- Born: October 10, 1935 Trois-Rivières, Quebec, Canada
- Died: April 12, 2019 (aged 83) Montreal, Quebec, Canada
- Awards: Order of Canada

= André Bureau =

Canadian lawyer and businessman (1935–2019)

André Bureau, (October 10, 1935 – April 12, 2019) was a Canadian lawyer and communications executive.

Born in Trois-Rivières, Quebec, he received an LL.B. from Université Laval in 1958 and a D.E.A. from the University of Paris I: Panthéon-Sorbonne in 1960. He was called to the Quebec Bar in 1959.

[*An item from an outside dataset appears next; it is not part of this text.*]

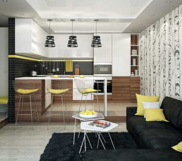 - Серо-голубые обои, кремовый для аксессуаров и яркий желтый или оранжевый гарнитур.

From 1968 to 1972, he was an Executive Vice-President at La Presse, one of Quebec's largest French-language daily newspapers. He returned to practicing law from 1973 to 1976 before being appointed Executive Vice-President at Télémédia Communications Ltée in 1976. He was president from 1980 to 1981 and president of Telemedia Ventures from 1981 to 1982. From 1982 to 1983, he was president and CEO of Canadian Satellite Communications Inc. From 1983 to 1989, he was Chairman of the Canadian Radio-television and Telecommunications Commission (CRTC). He then became President and CEO of Astral Inc and president of Astral Broadcasting Group Inc. In 1989, he practiced with Heenan Blaikie as counsel.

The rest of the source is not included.